Through their tumultuous journey together that includes their luggage being stolen, private investigators searching for the missing heiress, being broke and hungry, forging streams, sleeping in hay bales, stealing cars, as well as a myriad of other instances of lovable shenanigans, they discovered that they could quite possibly be in love with each other. My favorite scene in the film is one in which Clark Gable shows Colbert how to hitchhike. He goes on a long spiel illustrating the three different kinds of gesticulations he uses to hail passing cars, and then attempts to demonstrate them. As he furiously goes through the three options, he fails to elicit a single response from the passing stream of automobiles. Colbert then steps up to the plate, and asks for a try. Gable relents to prove to her how difficult the task actually can be. Colbert then hikes up her dress revealing an amount of leg that was the 1930’s equivalent of a Janet Jackson super bowl performance, and immediately gets them a ride.
While I could write 5000 words on why I love this movie, I think it would be best for me to just endorse that anybody who enjoys classic films, romantic comedies, or just film in general should really see the film It Happened One Night. *Spoiler Alert* Runaway Bride totally copied its premise from a scene at the end of this film, and I would take Claudette Colbert over Julia Roberts any day.
Director: Frank Lloyd
Mutiny on the Bounty is a historical tale of one of the most infamous mutinies in naval history. It portrays life in the British navy at a time when men could be conscripted into service against their wishes. Had first officer Fletcher Christian (Clark Gable) been in charge, the voyage to Tahiti to obtain a cargo of breadfruit plants may have been uneventful; however, under the command of the tyrannical Captain William Bligh (Charles Laughton), morale quickly erodes. Idealistic midshipman Roger Byam (Franchot Tone) is on his maiden voyage and is torn between his friendship with Mr. Christian and his duty to follow his Captain’s orders even though he often finds them cruel and despicable.
An interesting side note to this film is the fact that all three actors were nominated for Best Actor (though none won). The Academy introduced the Best Supporting Actor and Actress categories the next year to prevent such a reoccurrence. I thought the acting was good but not superb. Having just seen Clark Gable in It Happened One Night, it was a little difficult envisioning him as an 18th century naval officer after his excellent portrayal of the 20th century newspaper reporter. Charles Laughton’s Captain Bligh seemed a bit over exaggerated but one clearly despises the character as the film progresses.

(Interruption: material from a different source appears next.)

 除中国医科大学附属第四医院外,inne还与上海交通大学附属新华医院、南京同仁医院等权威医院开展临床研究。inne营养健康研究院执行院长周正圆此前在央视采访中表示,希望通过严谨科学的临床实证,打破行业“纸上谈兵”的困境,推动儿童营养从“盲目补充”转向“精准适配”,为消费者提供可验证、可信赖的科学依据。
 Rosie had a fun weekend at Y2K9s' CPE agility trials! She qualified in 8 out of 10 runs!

Technically, we continue to see improvement film production. The scenes of the HMS Bounty sailing through stormy seas are impressive and felt very realistic. The location scenes on Tahiti inFrench Polynesiapresent our first venture to a far off land for filming and provide a wonderful picture of the island and its people (even if some of the actors are clearly not natives). In fact, at a cost of almost $2 million, the film was MGM’s most expensive production at the time.

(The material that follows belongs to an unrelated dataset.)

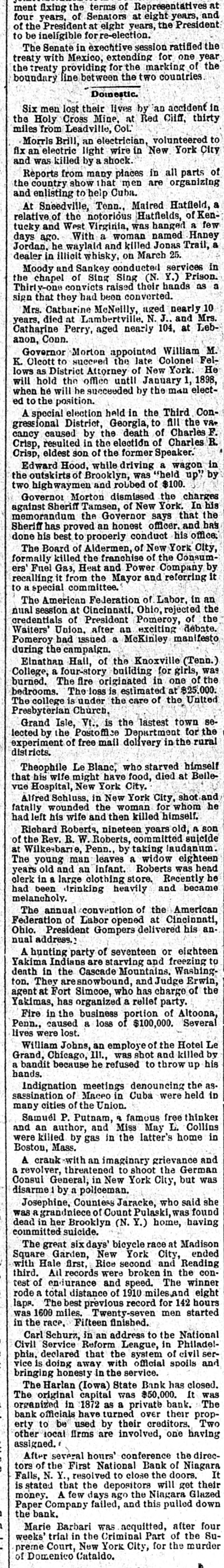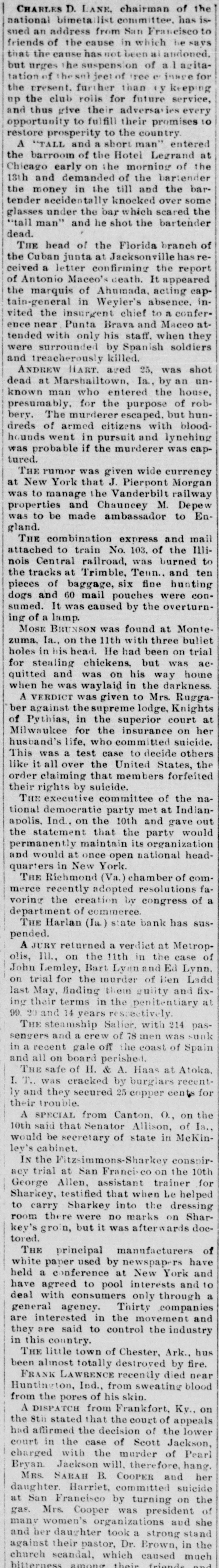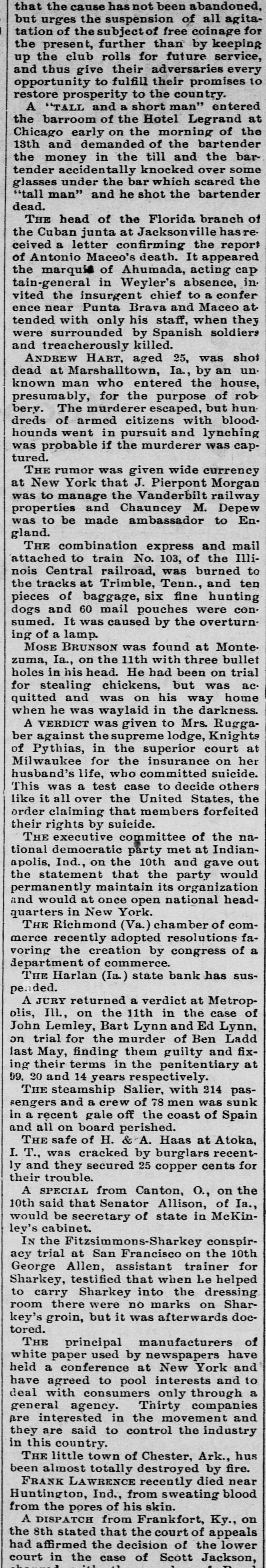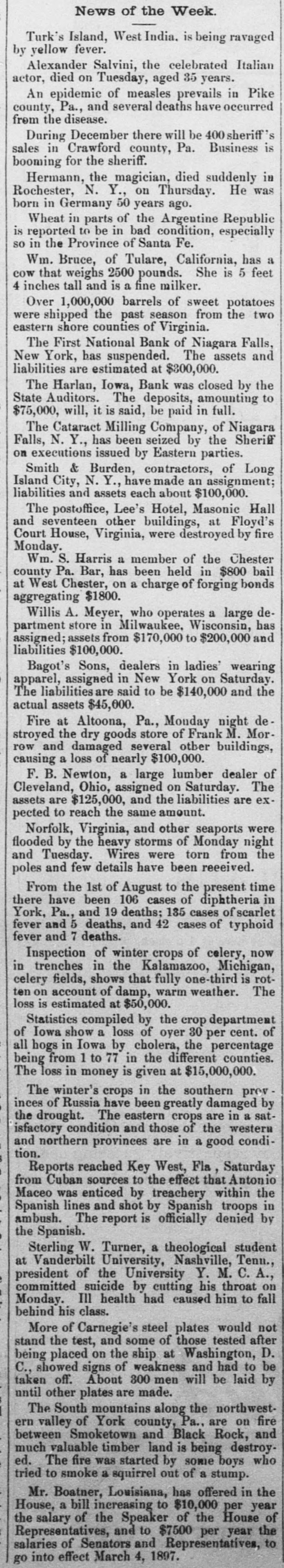 News of the Week. Turk's Island, West India. is being ravaged by yellow fever. Alexander Salvini, the celebrated Italian actor, died on Tuesday, aged 35 years. An epidemic of measles prevails in Pike county, Pa., and several deaths have occurred from the disease. During December there will be 400 sheriff's sales in Crawford county, Pa. Business is booming for the sheriff. Hermann, the magician, died suddenly in Rochester, N. Y., on Thursday. He was born in Germany 50 years ago. Wheat in parts of the Argentine Republic is reported to be in bad condition, especially so in the Province of Santa Fe. Wm. Bruce, of Tulare, California, has a cow that weighs 2500 pounds. She is 5 feet 4 inches tall and is a fine milker. Over 1,000,000 barrels of sweet potatoes were shipped the past season from the two eastern shore counties of Virginia. The First National Bank of Niagara Falls, New York, has suspended. The assets and liabilities are estimated at $800,000. The Harlan, Iowa, Bank was closed by the State Auditors. The deposits, amounting to $75,000, will, it is said, be paid in full. The Cataract Milling Company, of Niagara Falls, N. Y., has been seized by the Sheriff on executions issued by Eastern parties. Smith & Burden, contractors, of Long Island City, N. Y., have made an assignment; liabilities and assets each about $100,000. The postoffice, Lee's Hotel, Masonic Hall and seventeen other buildings, at Floyd's Court House, Virginia, were destroyed by fire Monday. Wm. S. Harris a member of the Chester county Pa. Bar, has been held in $800 bail at West Chester, on a charge of forging bonds aggregating $1800. Willis A. Meyer, who operates a large department store in Milwaukee, Wisconsin, has assigned; assets from $170,000 to $200,000 and liabilities $100,000. Bagot's Sons, dealers in ladies' wearing apparel, assigned in New York on Saturday. The liabilities are said to be $140,000 and the actual assets $45,000. Fire at Altoona, Pa., Monday night de stroyed the dry goods store of Frank M. Morrow and damaged several other buildings, causing a loss of nearly $100,000. F. B. Newton, a large lumber dealer of Cleveland, Ohio, assigned on Saturday. The assets are $125,000, and the liabilities are expected to reach the same amount. Norfolk, Virginia, and other seaports were flooded by the heavy storms of Monday night and Tuesday. Wires were torn from the poles and few details have been received. From the 1st of August to the present time there have been 106 cases of diphtheria in York, Pa., and 19 deaths; 135 cases of scarlet fever and 5 deaths, and 42 cases of typhoid fever and 7 deaths. Inspection of winter crops of colery, now in trenches in the Kalamazoo, Michigan, celery fields, shows that fully one-third is rotten on account of damp, warm weather. The loss is estimated at $50,000. Statistics compiled by the crop department of Iowa show a loss of over 30 per cent. of all hogs in Iowa by cholera, the percentage being from 1 to 77 in the different counties. The loss in money is given at $15,000,000. The winter's crops in the southern prov inces of Russia have been greatly damaged by the drought. The eastern crops are in a satisfactory condition and those of the western and northern provinces are in a good condition. Reports reached Key West, Fla, Saturday from Cuban sources to the effect that Antonio Maceo was enticed by treachery within the Spanish lines and shot by Spanish troops in ambush. The report is officially denied by the Spanish. Sterling W. Turner, a theological student at Vanderbilt University, Nashville, Tenn., president of the University Y. M. C. A., committed suicide by cutting his throat on Monday. Ill health had caused him to fall behind his class. More of Carnegie's steel plates would not stand the test, and some of those tested after being placed on the ship at Washington, D. C., showed signs of weakness and had to be taken off. About 300 men will be laid by until other plates are made. The South mountains along the northwestern valley of York county, Pa., are on fire between Smoketown and Black Rock, and much valuable timber land is being destroyed. The fire was started by some boys who tried to smoke a squirrel out of a stump. Mr. Boatner, Louisiana, has offered in the House, a bill increasing to $10,000 per year the salary of the Speaker of the House of Representatives, and to $7500 per year the salaries of Senators and Representatives, to go into effect March 4, 1897.

Although I had seen this film previously, I still enjoyed revisiting the seafaring adventure.
Mutiny on the Bounty showed a completely different side of filmmaking compared to the previous year’s It Happened One Night. As a viewer, it is hard not to acknowledge that I felt like Hollywood back-pedaled between these two films. I understand that this film was made in 1935 and Hollywood provided escapism for an America still reeling from the effects of the Great Depression. However, I notice that a production is dated significantly more when the scale of the film is larger. The film was also our second film to be directed by Frank Lloyd, the first of which being the equally large scale production of Cavalcade. Lloyd often prefers shots from long distances that illustrate the scope of a scene, which while impressive and necessary for his subject matter, do not present the same polished nature of the closer shots exhibited by films like It Happened One Night. Clark Gable’s performance in this film did earn him a second Oscar nomination for best actor, but unlike It Happened One Night, he was not honored for his performance.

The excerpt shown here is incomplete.